I'm not that graceful and eloquent like you....

Blog EntryHe Genuinely Loves MeNov 11, '06 6:38 AM
for everyone


He Genuinely Loves Me

(Iris Castro)

 

For others, dreams are superficial or just a result of excessive manner of thinking. But for me, it is a form of a miracle God has created. Dreams enable us to see the past, the present and the future. Dreams give us the chance to see the things we are unable to see. Dreams are powerful as our minds. It leads us to the right direction of life.

 

Not only am I fascinated with my dreams. I love them like they are the sole reason of my existence. I protect my dreams because they help me to escape from the reality. They give me the courage to breakaway from the sufferings I have in life. I adore them like I adore my mother who was the sole person responsible for my omnipotent faith in God and in myself. The faith that has guided me to cross the bridge of predicaments ever since I learned to face the truth.

 

My life is like a dream. Full of pain, bitterness, struggle, hope and faith. My life is surreal within reality.

 

I have been a dream believer for God-knows-how-long now. I have dreamt a million dreams. Some are vague, distinct but most of them were really vivid to be remembered and interpreted. Some of my dreams signified wealth, contentment, power, success and even failure, poverty, deceit or bad luck.

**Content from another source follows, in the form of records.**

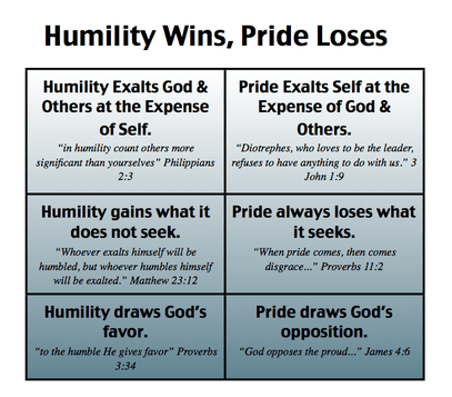 11 ·Whoever is your servant is the greatest among you [L The greatest among you will be your servant]. 12 Whoever ·makes himself great [lifts up/exalts himself] will be made humble. Whoever makes himself humble will be ·made great [exalted; lifted up].(Matthew 23:11-12).
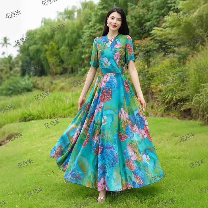 2025年秋冬新款女士大摆V领沙滩裙印花连衣裙收腰显瘦长裙雪纺裙
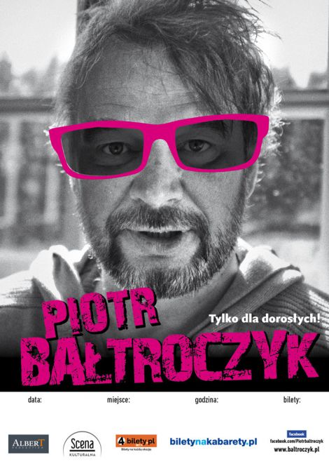 O Piotrze Bałtroczyku: Urodzony jakiś czas temu, co zaczyna być widoczne, choć nie natarczywie. Wiele lat temu Bałtroczyk był poetą lirycznym, piszącym wiersze o tym, że życie smutne jest raczej, a świat nie jest dobrze skonstruowany. Otrzymywał wówczas Bałtroczyk nagrody za swą twórczość: dyplomy wieszał gdzie bądź, nagrody finansowe beztrosko trwonił. Potem - zazdroszcząc kolegom powodzenia u płci - stał się Bałtroczyk tzw. Poetą-pieśniarzem. Nie była to twórczość łatwa dla publiczności. Bałtroczyk jest twórcą tzw. Pętli śmierci, znanej też jako "Obieg Bałtroczyka"; są to akordy a-moll, C-dur, E-dur wykonywane długo, monotonnie i nad wyraz jednostajnie. Szczątkowe powodzenie nie trwało długo i Bałtroczyk poszedł w naukę. Uczył studentów przedmiotów o nazwach długich i niejasnych. Odmówił pisania pracy doktorskiej, więc musiał przestać uczyć. Studenci ciesząc się rozpalili ognisko i pili alkohole. Stał się Bałtroczyk konferansjerem, zapowiadaczem tych, którzy nauczyli się tego, czego on nauczyć się nie mógł. Nie do końca wiadomo, czemu mu się powiodło, ale to fakt. Prowadził i prowadzi niemal wszystko, w tym samochody i motocykle. Wystąpił w kilkuset programach telewizyjnych jako prowadzący lub wykonawca. Prowadził setki imprez estradowych i łatwiej wymienia te, których nie prowadził, niż odwrotnie.Naprawdę jest Bałtroczyk osobnikiem depresyjnym i monotematycznym (dzieci, samochody, motocykle). W pracy nie pije, poza pracą z przyjemnością. Ma dwa garnitury, jeden elegancki, a drugi garnitur.

When I was small, I dreamt of flying a kite motioning to where I want it to be. But to my dismay, no string or rope was there to connect my hands to the kite. I have interpreted that dream according to what I believe in and so did the book about dreams I purchased for a purpose.

 

There was also a dream of mine where I was being chased inside a church by a beggar who seemed to have lost sanity because of starvation. He was chasing me because I refused to give him the one peso coin I have in my right hand. I ran and hid behind the pews so he won’t catch me but he was too fast. When he was about to grab the back of my shirt, we were both taken aback because the ground started to crack. To my astonishment, the beggar disappeared and I was left in the middle of the church awaiting for something odd might happen to me. There was a very bright illumination coming from the split ground that blinded me. When I was just about to recover from the blindness, I saw four contours of angels with vast wings dressed in a pure white robe. They extended their hands toward me and I realized drawing my self closer to them. I can feel their hands clutching through mine whilst my back was extremely aching. As I took a glimpse over my shoulder to confirm what makes my back ache, a cluster of feathers was slowly growing at my back and a pair of wings was formed. I was so blissful when my wings began to spread and soar alongside of the angels. They were not talking. They were just smiling and looking at me. Neither did I ask them to which place we were heading for. It was a non-stop journey…until my soul finally came back to reality.

 

It was incredible, I know. I was not sure if it’s really a reverie. It was more of a reality for me…a vision. A vision that has something to do with my present life.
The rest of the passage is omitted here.